Надо сказать, что в это время Алексей Ефимович начал работать с таким выдающимся абсолютно человеком по имени Кирилл Василенко — это звукорежиссер, очень хороший, абсолютный фанат своего дела, который славен тем, что создает чрезвычайно насыщенную шумовую и звуковую партитуру фильма. Строго говоря, это делать необязательно; если в кадре упоминается собака, — только упоминается, ее нет в кадре — то необязательно, чтобы она лаяла где-то на заднем плане, вы понимаете. Но Василенко делал это все очень плотно, он записывал какие-то совершенно невероятные звуки и шумы, которых нет в живой природе, но есть, я не знаю, какие-то специальные трансформаторные будки, которые издают какие-то специальные звуки... В конечном счете это оборачивалось тем, что шумовая партитура была необычайно насыщенной. И вдруг появляется композитор, которому надлежит протыриться... Есть просто какой-то запас звуковой информации, которое человеческое ухо в состоянии воспринять — несмотря на то, что есть dolby и так далее, в какой-то момент у вас начинается шизофренический припадок, когда вы понимаете, что все количество звуковой информации вы просто не в состоянии освоить.
Я старался очень бережно отнестись к работе Кирилла, вплоть до того, что какие-то там пароходы — там часть действия происходит в северном порту — издавали некий звук определенной высоты. Мне нужно было написать какой-то музыкальный эпизод крайне прозрачный; тональность должна была быть избрана таким образом, чтобы звук парохода, который уже существует, чтобы он не диссонировал с музыкой. Я, в общем, эту работу сделал и дальше получилось так, что Учитель понял, что это уже too much, что это не входит просто, ну невозможно — и он все выкинул. Гонорар я получил. У меня никаких претензий к нему не было, в общем. Это был конец 2005-го года; мы записывали музыку — единственный раз в жизни, кажется, не считая той истории с «Анютой», о которой я вам говорил — в Петербурге, тридцатого декабря. Уже надо было закрывать какие-то сметы, я не знаю что. А Василенко, который фанат, требует огромного количества времени для перезаписи, то есть сведения всех звуков, которые есть в фильме, и диалогов, и шумов в единую какую-то партитуру. Это делается в специальном ателье, аренда которого стоит огромных денег — в общем, закончились деньги или я не знаю что, но музыки в этом фильме вы не услышите.

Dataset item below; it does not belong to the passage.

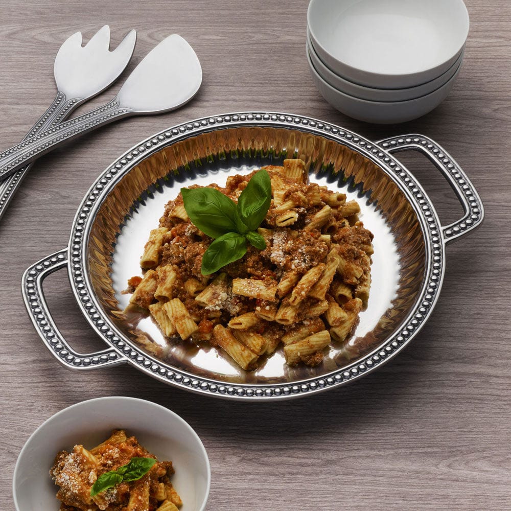 This Wilton Armetale? Flutes & Pearls Low Handled Tray features a traditional fluted design surrounded by a delicate beaded outer edge. Wilton Armetale? Serveware is ideal for your cooking needs. food stays hot longer and perfect for oven. stove or grill. Designed and crafted by hand. these beautiful products were made to last a lifetime.

Следующим фильмом был «Пленный» с Учителем, но там тоже было, в общем, не то. Там было немного музыки, я сразу сказал Алеше, что музыка ему там, в общем-то, и не нужна, и будет как-то жестче без музыки — ну, как у Бунюэля чтобы было. На всякий случай он решил, что музыка там должна быть, и там была довольно симпатичная песенка в конце, которую пела одна старенькая актриса, прибывшая из Грозного. Я оркестровал народную чеченскую песню с элементами Бетховена; в общем, там был какой-то экуменизм наворочен. Она приехала и под эту фонограмму записала очень фальшиво эту песню, но, слава богу, поскольку это дорожка была отдельно, потом при помощи автотьюнинга, которым пользуется эстрадные певцы, удалось выправить ее таким образом, что это было абсолютно чисто. Это первый и, наверное, последний раз в жизни, когда я пользовался вот этим приспособлением.

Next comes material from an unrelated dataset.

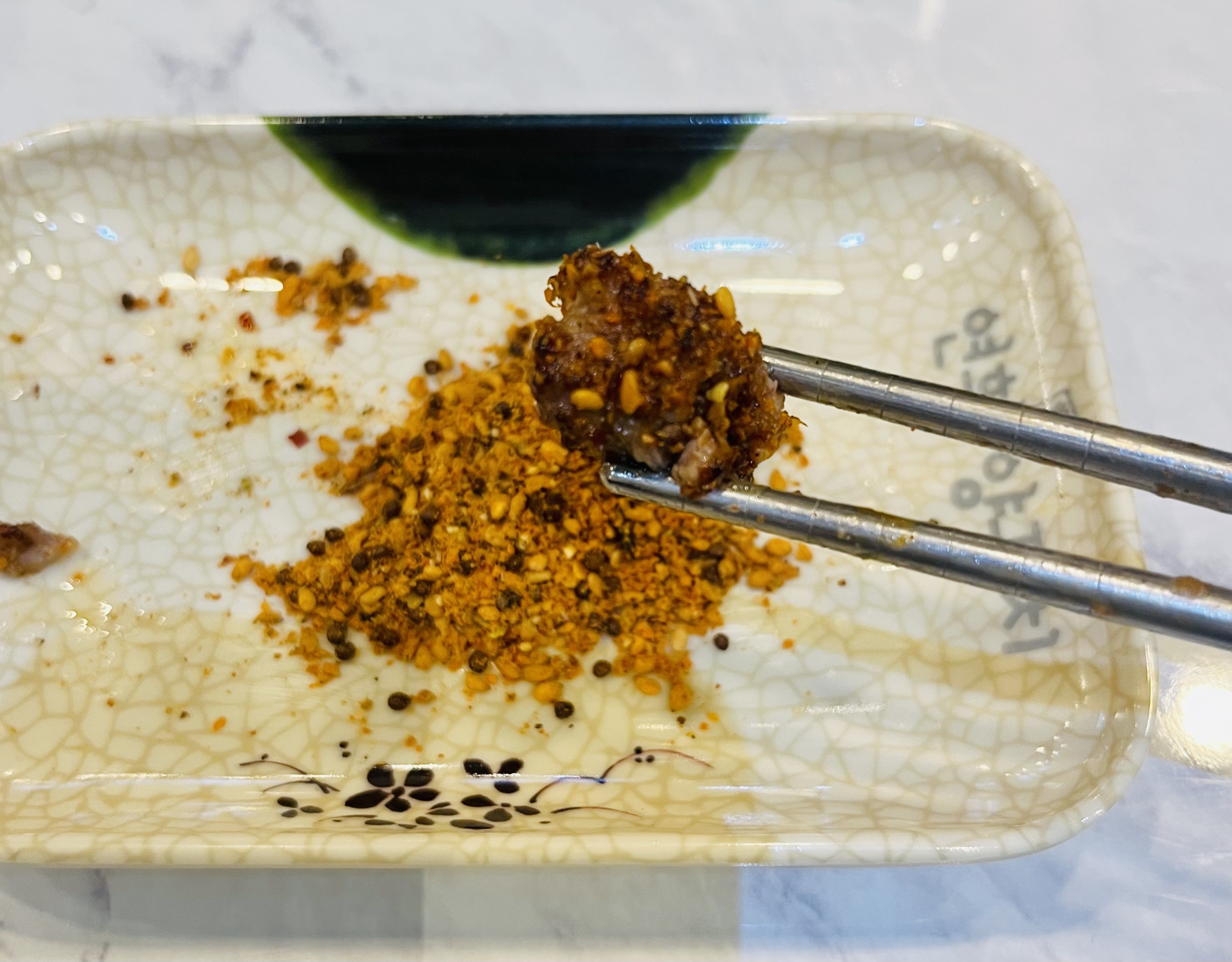 잘 익은 양꼬치를 소스에 콕 찍어먹으면 향미가 진하게 올라오면서 더 맛있어요😋

Тем не менее, то небольшое количество музыки, которое там было, даже оно почти полностью было вычищено — там, типа, было шестнадцать минут, а осталось шесть. Наверное, это было связано с тем, что там — может быть, кто-то помнит этот фильм — довольно щекотливая, вроде бы, тема; по крайней мере, она же есть в рассказе Маканина, который лег в основу этого фильма: про то, что русский солдат конвоирует чеченского мальчика пленного и влюбляется в него. У Маканина это есть, но Алексей Ефимович решил абсолютно эту тему сгладить и был в полном бешенстве от того, что журналисты, наглые и бесстыжие, задают ему вопрос: «А что там у вас происходит между ними?». Он просто краснел, бледнел и все такое. Это я к чему веду: там была достаточно прозрачная музыка, которая акцентировала какой-то там взгляд, брошенный одним героем на другого, и тому подобные вещи. Он все это убрал, потому что ему было крайне важно, чтобы ни единого намека на то, чтобы показать какие-то, как выражаются некоторые, противоестественные отношения между двумя героями, не должно быть.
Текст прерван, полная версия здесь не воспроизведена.